This, of course, changed when personal computers, the Internet, and then cloud computing entered the workplace, but organizational structures and thinking have not kept pace with these changes. Despite the speedy access enabled by today’s technologies, business-improving data is still locked away and compartmentalized in private files, e-mails, and social media streams, just to name a few.

In recent years, the enormous amount of data that enterprises generate on a daily basis has only made the information silo problem more acute. Organizations have come to realize the value data holds, and many have put measures in place to glean insight from it, but most of the data remains locked up most of the time. For companies that operate in the cloud, the new opportunities are compelling, but they first must begin to level their information silos.

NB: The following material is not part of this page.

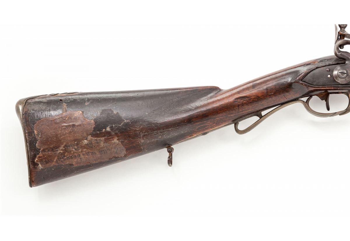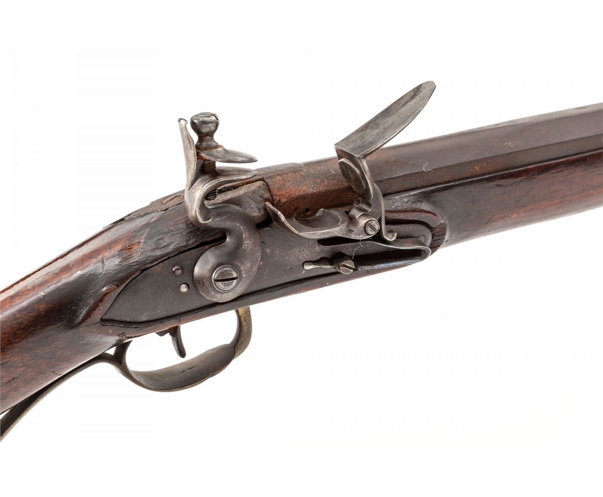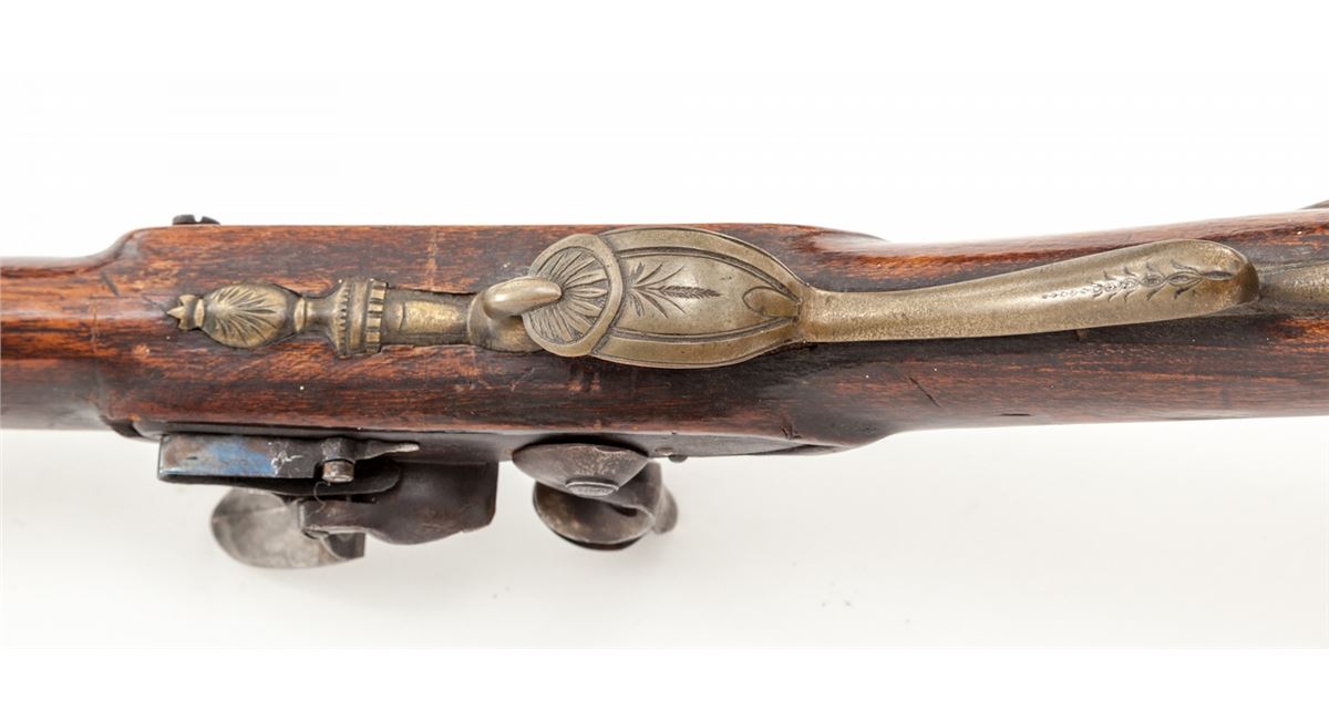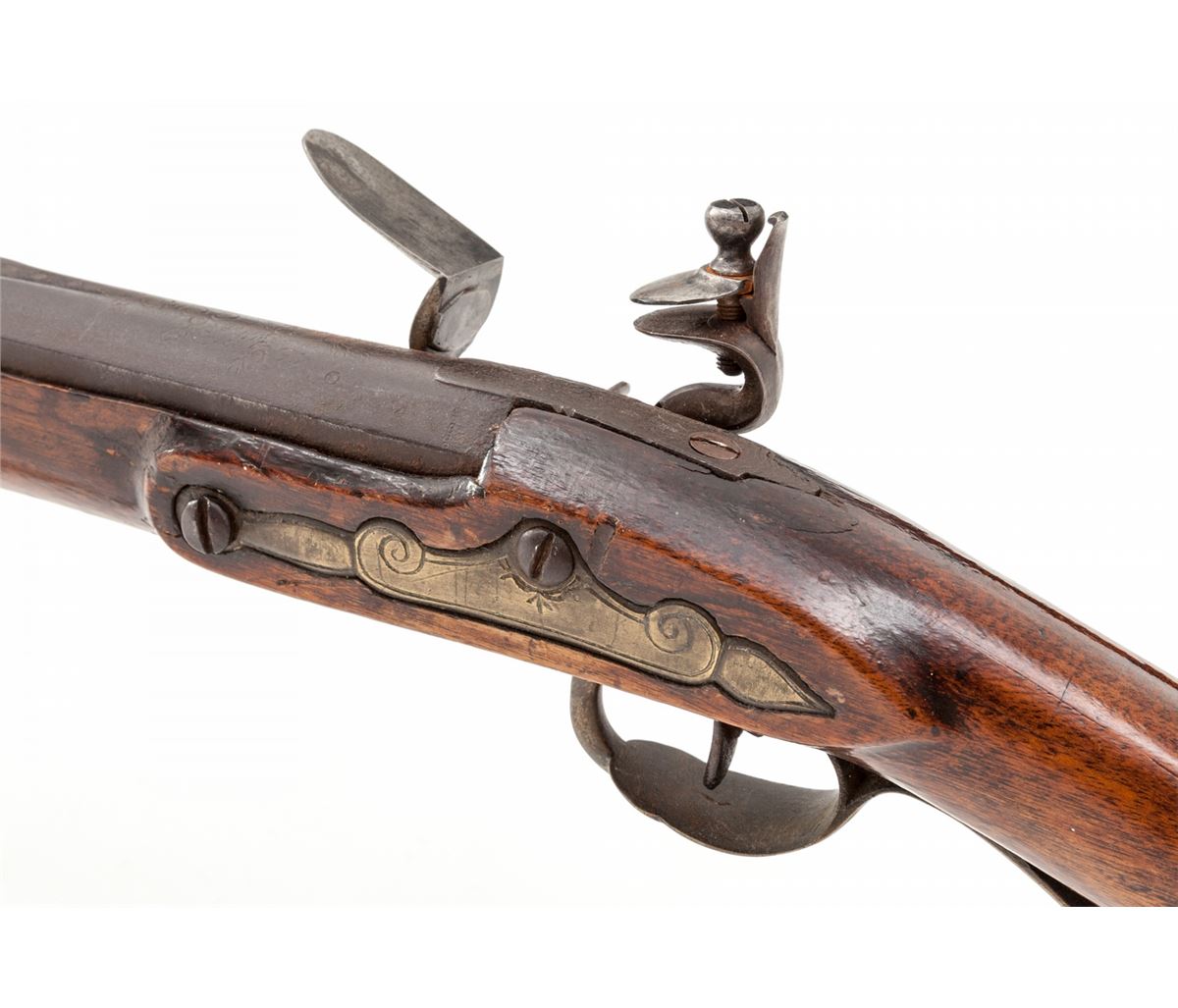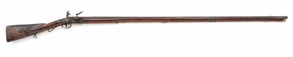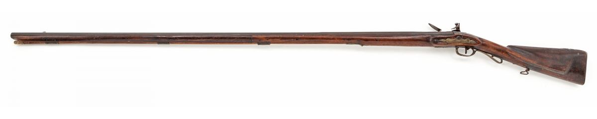 Early French Long Fowler, 54'' octagonal-to-round smoothbore barrel with touch mark and engraving at breech; walnut stock has a nicely carved and elongated crescent cheekpiece; forend has a takedown feature in which two-thirds of the forward forend remains attached to the barrel when barrel is removed for service or cleaning. The bold raised brass mounts are nicely formed and engraved in the traditional French period style. Overall length is 70''. A partial piece of parchment paper, which appears as old as this Fowler, is attached to the right butt side with writing barely legible. This Fowler is ca. 1760. Condition is very good overall, retaining its original period finish and patina. Stock shows some period handling dings. Est.: $2,000-$3,000. (Antique)

Eliminating Inefficiencies in the Cloud

For a moment, imagine working for an international corporation comprised of thousands of employees. You’ve spent years working on a complex issue only to find out, when the project was nearly complete, that an individual at your company on the other side of the world had already found the answer to the very problem you have been trying to solve.

Business inefficiencies like this are far too common. Enterprises need to start thinking about ways to make their cloud data available across the organization to those permitted to see it. This is the key to enabling cloud applications that mine vast corporate data archives for the insights you need at the moment.

With the right tools, workers can apply analytics that search within their company’s cloud archive to determine whether or not a never-before-met colleague is working on a similar project. Or perhaps the cloud archive could even provide that information proactively, without being asked. By facilitating a simple introduction between two employees, an organization could not only eliminate business inefficiencies and potentially save millions of dollars, but foster greater collaboration and better decision-making.

Of course, in parallel, organizations must find ways to safeguard sensitive company information during this process. This can be done with flexible permission management, allowing organizations to uncover value never thought possible, while still ensuring the proper levels of security and confidentiality.

E-mail as a Source of Productivity

Whether it’s an international corporation or a small business, over time, an organization amasses an almost unimaginable amount of information. And, for many today, this data sits unused in a cloud archive, e-mail inbox, or elsewhere, until called upon by its owner for a specific purpose. This, in itself, is a lost opportunity. Instead, what if there was a way for this locked-up data to accumulate value all on its own?

With a cloud-based archive that is able to build a database of seemingly insignificant tidbits of information about an organization, who knows what kind of opportunities will be uncovered?

Take, for instance, a translator-locating technology. It could work in the background to consistently analyze each employee’s e-mail communication and deduce what language the person is fluent in. Imagine, simultaneously, that another employee within the organization is in desperate need of someone who speaks fluent German in order to close an important customer deal. A simple search within the company’s cloud archive could rapidly produce a list of German-speaking employees who are available to help, and the employee could select someone with the right subject matter expertise.

This is one very specific example, but the value of this kind of analytical capability to bridge departments and make business processes more collaborative is clear. E-mail is often cited as a source of distraction, but with an application like this, it can be leveraged as a tool for increasing productivity and bettering the business.

Gathering Data Employees Didn’t Know They Needed

E-mail often acts as the backbone of a worker’s daily activity, so it is in the interest of an employer to do what it can to make sure the employees’ e-mails are accurate. In the not so distant future, a tool will be able to search an organization’s cloud archive as an employee composes a new e-mail, searching for relevant information they may need. With any luck, links and information will appear in a sidebar that offer ways to improve, or drastically change, the message based upon previously-unknown information… all before hitting “send.”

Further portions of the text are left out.